From the records below, copy out exactly the lines from the one containing "dưỡng chất. |" to the one containing "三维工厂K3DMaker是一", both included. Add nothing else.

Collected data
☆ ☆ ☆
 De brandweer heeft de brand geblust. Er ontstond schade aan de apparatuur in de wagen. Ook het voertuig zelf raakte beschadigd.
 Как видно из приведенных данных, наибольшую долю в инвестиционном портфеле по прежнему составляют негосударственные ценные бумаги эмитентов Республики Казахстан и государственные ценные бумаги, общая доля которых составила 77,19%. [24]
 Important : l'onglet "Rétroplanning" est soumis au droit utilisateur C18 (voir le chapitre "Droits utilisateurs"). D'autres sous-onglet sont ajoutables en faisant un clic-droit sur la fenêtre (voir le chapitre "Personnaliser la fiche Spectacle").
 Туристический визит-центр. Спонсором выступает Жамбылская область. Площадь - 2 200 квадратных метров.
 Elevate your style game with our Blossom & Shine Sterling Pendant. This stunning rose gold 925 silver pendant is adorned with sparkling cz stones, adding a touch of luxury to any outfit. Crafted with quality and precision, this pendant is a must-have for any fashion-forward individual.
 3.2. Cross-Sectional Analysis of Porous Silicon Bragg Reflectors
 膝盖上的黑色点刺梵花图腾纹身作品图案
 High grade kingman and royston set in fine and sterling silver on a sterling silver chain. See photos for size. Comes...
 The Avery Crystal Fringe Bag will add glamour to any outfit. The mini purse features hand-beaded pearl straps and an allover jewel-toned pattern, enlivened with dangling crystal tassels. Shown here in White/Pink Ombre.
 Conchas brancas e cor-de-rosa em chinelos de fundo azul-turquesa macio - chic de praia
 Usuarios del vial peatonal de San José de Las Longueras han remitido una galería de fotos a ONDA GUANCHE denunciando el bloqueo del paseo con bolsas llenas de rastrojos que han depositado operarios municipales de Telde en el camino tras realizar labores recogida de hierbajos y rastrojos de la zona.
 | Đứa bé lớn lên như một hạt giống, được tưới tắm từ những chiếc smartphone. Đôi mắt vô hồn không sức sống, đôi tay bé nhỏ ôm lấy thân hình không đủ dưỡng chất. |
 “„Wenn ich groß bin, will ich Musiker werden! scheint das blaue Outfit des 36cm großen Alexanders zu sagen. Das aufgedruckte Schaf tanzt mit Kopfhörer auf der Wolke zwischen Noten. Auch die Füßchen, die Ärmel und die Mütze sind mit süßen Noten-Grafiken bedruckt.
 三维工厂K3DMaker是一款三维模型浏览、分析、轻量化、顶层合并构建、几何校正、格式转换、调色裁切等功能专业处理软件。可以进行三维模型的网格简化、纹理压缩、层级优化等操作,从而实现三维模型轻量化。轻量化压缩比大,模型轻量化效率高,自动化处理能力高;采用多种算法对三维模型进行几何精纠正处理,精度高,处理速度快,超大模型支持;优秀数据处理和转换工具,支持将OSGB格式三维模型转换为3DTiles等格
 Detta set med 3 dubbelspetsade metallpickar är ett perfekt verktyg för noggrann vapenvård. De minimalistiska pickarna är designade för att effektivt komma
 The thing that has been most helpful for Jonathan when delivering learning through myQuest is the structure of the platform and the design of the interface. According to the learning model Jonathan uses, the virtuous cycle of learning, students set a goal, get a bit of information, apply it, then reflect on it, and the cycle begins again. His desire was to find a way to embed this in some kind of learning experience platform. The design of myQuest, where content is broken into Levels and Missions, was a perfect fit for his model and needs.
☆ ☆ ☆
* [Answer for this exercise]
 | Đứa bé lớn lên như một hạt giống, được tưới tắm từ những chiếc smartphone. Đôi mắt vô hồn không sức sống, đôi tay bé nhỏ ôm lấy thân hình không đủ dưỡng chất. |
 “„Wenn ich groß bin, will ich Musiker werden! scheint das blaue Outfit des 36cm großen Alexanders zu sagen. Das aufgedruckte Schaf tanzt mit Kopfhörer auf der Wolke zwischen Noten. Auch die Füßchen, die Ärmel und die Mütze sind mit süßen Noten-Grafiken bedruckt.
 三维工厂K3DMaker是一款三维模型浏览、分析、轻量化、顶层合并构建、几何校正、格式转换、调色裁切等功能专业处理软件。可以进行三维模型的网格简化、纹理压缩、层级优化等操作,从而实现三维模型轻量化。轻量化压缩比大,模型轻量化效率高,自动化处理能力高;采用多种算法对三维模型进行几何精纠正处理,精度高,处理速度快,超大模型支持;优秀数据处理和转换工具,支持将OSGB格式三维模型转换为3DTiles等格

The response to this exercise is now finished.